As with all of my virtual meetings regardless of vendor (e.g., Zoom, WebEx, or Teams) the main challenges for me as both a presenter and an attendee were the small things. I missed the little things about the AAO annual meeting that make it a memorable experience from year to year. Human beings are hard wired for touch (handshakes and hugs). We require face-to-face contact for reading body language and understanding intent for feedback (e.g., smiles, laughs, nods, and applause). The sheer volume of information at the in-person AAO Annual Meeting is a daunting task normally, but the fun is in the exploration and in chance encounters with friends in transit. I missed seeing my friends and colleagues from around the world in one-on-one venues, I missed seeing their faces and hearing their voices, and I missed the chaotic purpose driven run/walks to my next appointment. My wife, Hilary Beaver, MD (also an AAO ophthalmologist), however, did not miss the walking or the distances (especially in Las Vegas).
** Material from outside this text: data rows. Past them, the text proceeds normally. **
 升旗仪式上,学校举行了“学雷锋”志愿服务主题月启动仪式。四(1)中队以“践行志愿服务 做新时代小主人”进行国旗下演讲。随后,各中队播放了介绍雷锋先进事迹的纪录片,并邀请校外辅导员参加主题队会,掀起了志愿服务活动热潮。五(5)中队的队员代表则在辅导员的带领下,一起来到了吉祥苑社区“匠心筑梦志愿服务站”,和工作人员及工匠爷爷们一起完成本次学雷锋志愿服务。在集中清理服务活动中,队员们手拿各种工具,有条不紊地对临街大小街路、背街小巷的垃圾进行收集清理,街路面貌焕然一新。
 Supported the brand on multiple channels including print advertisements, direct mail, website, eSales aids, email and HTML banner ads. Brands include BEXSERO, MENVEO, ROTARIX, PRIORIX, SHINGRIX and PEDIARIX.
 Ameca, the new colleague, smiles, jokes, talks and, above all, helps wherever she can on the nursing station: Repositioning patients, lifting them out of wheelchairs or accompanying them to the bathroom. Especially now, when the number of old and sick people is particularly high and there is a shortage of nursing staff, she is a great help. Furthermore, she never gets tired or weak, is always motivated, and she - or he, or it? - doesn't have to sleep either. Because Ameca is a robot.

Like all virtual formats, video conferencing is tiring and we have all experienced “Zoom fatigue.” There is also always the temptation of reduced participation not only from introverted attendees but also from extroverted but hidden multitasking ones as well. I know that for me “turning off the video” is always a risk, no matter the topic. On the other hand, the ability to stop and start at will; browse and break when tired; and not have to worry about rushing to the next event was refreshing and reassuring.
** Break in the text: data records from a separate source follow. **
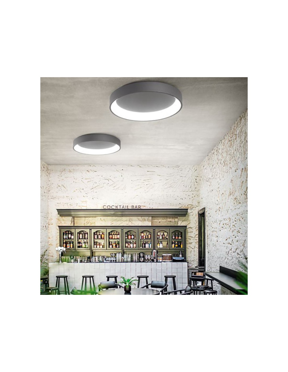Plafoniera della serie BAND DIODI di Affralux, realizzata con struttura rotonda in alluminio verniciato grigio antracite finitura satinata e diffusore interno in PMMA.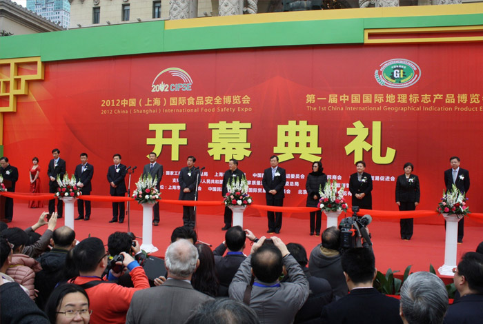 12月13日,2012中國(上海)國際食品安全博覽會、第一屆中國國際地理標志產品博覽會在上海展覽中心舉行開幕式,正式拉開為期四天的展會。開幕式現場,全國政協經濟委員會副主任李德水、國家工商行政管理總局副局長付雙建、中國民族貿易促進會會長賀黎明、中國民族貿易促進會執行會長劉延寧、中國國際貿易促進會副會長張偉、上海市人大副主任胡延照等領導到場祝賀并致辭。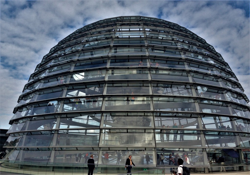I remember taking the tour inside the Berlin´s Reichtag where I saw this modern, domical structure which has a spiral curvilinear stairs inside where people can go up walking through it. The reflection of the curves against the bright sun is amazing.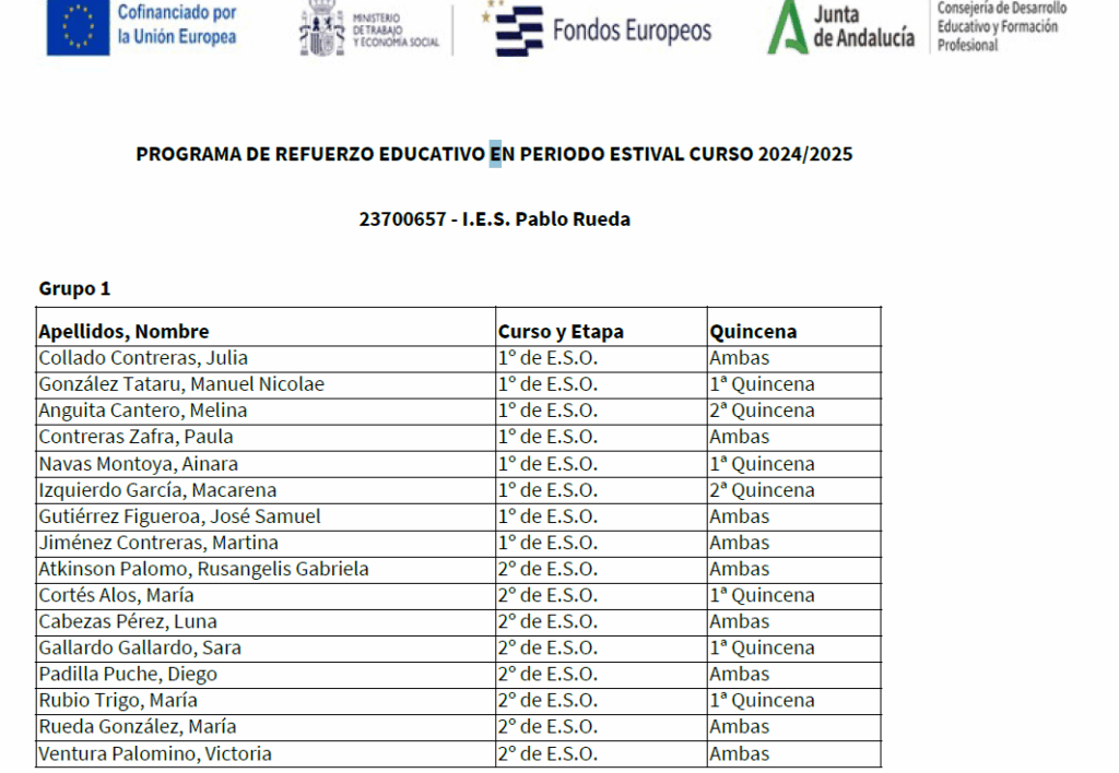 Relación provisional de alumnado participante en el Programa de Refuerzo Educativo en periodo estival 2024-2025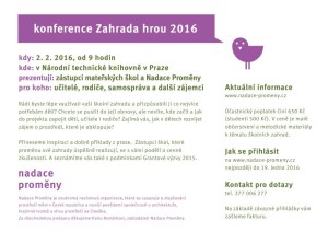Nadace Proměny zve na konferenci Zahrada hrou 2016
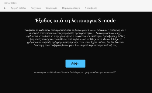 Για να ολοκληρώσετε την εγκατάσταση του Chrome, είναι απαραίτητη η έξοδος από τη λειτουργία S mode.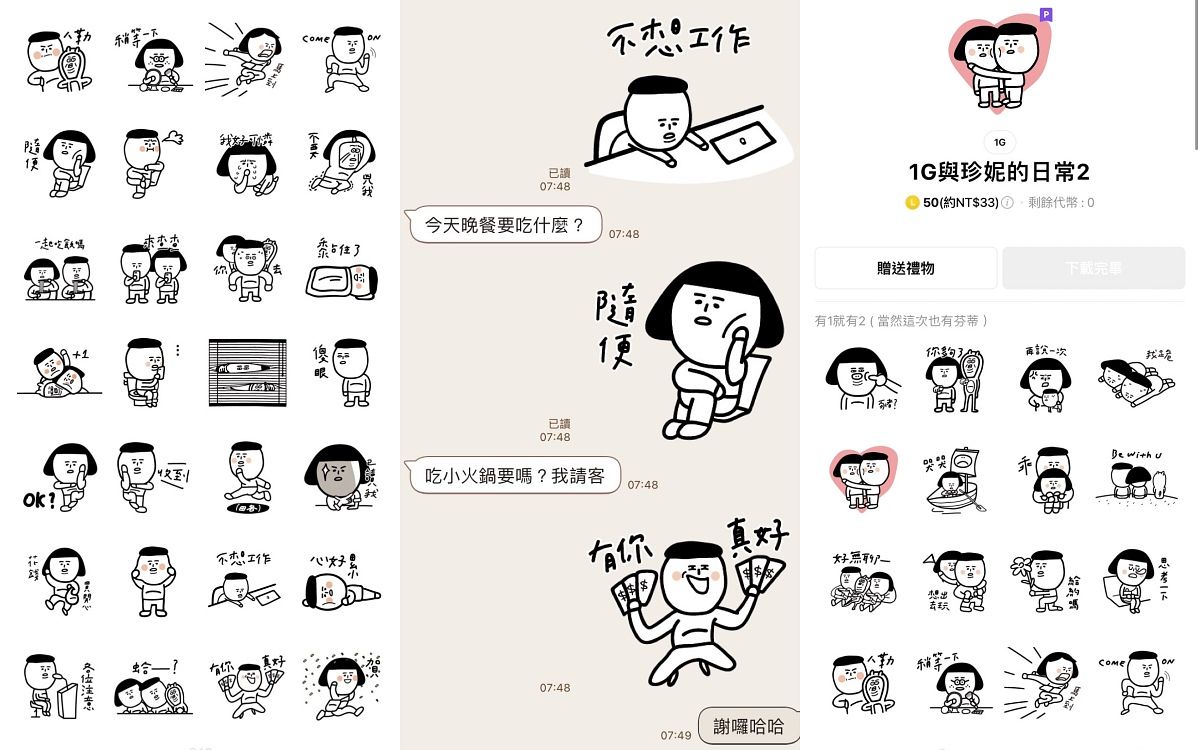 平常時就很喜歡看1G跟珍妮的IG貼文,總能畫出生活中、情侶間的各種真實日常點滴,讓人深有同感!而這款貼圖平常在與男友及好友對話時超時實用,有日常必備的、撒嬌溫馨的,也有厭世、懟人的貼圖,搭配1G和珍妮可愛、傳神的表情與肢體動作,真的是怎麼用也用不膩,還會讓人看到不禁會心一笑呢!(服裝企劃主編Ainsley)

Although technical glitches are always a looming specter, thankfully in the AAO sessions that I attended, these seemed to be few and far between, and mostly minor.
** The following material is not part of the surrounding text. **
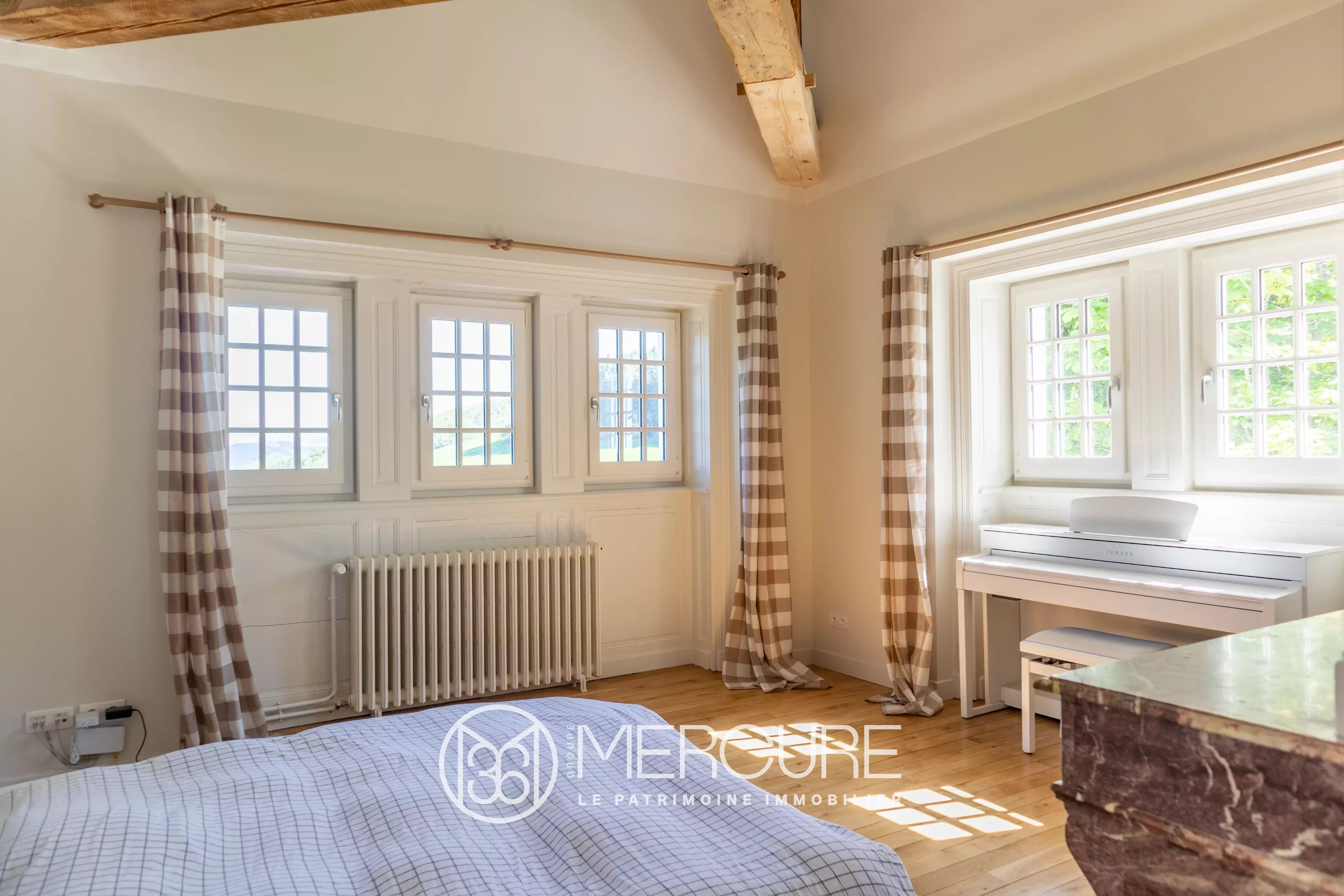 Au 2° étage : 4 chambres dont une dans l’élégante tour sud-est avec une grande hauteur sous charpente ; salle d’eau / toilettes.

Of course, one major advantage of the virtual format is the markedly reduced cost. This AAO meeting we had no airfare, no travel time, and no hotel or meal costs. I do not miss the flying or the lost half day of work, or the hassle of travel, but I do miss the chance to stay in a fancy hotel and enjoy communal meals at restaurants that I don’t usually have a chance to sample. Though I did not miss the 6 p.m. hotel cab lines.
A lot of business and networking happens outside of the AAO meeting hall, and missing the chance to reconnect with old friends, past medical students, residents, and fellows, and to mix and mingle at our four academic alumni meetings (Cullen (Baylor), Iowa, Wilmer (Johns Hopkins), and UTMB) was particularly painful this year, a year when we all need a hug. On the other hand, I didn’t have to cancel any clinics and I did not feel the stress, pressure, and rush of the typical AAO Annual meeting craziness.
In the end, I think that the virtual 2020 AAO Annual Meeting was a great success especially considering the technical, logistical, and other challenges created by COVID-19.
We are all learning to live in our “new normal” in this COVID-19 world. This 2020 AAO annual meeting was certainly strange and novel, but it was also a time to reflect and to consider how many of these meeting innovations and necessary epidemiologic responses will persist. I suspect that we will need to embrace some of these changes as our “new abnormal” even after COVID-19 fades in our collective memory.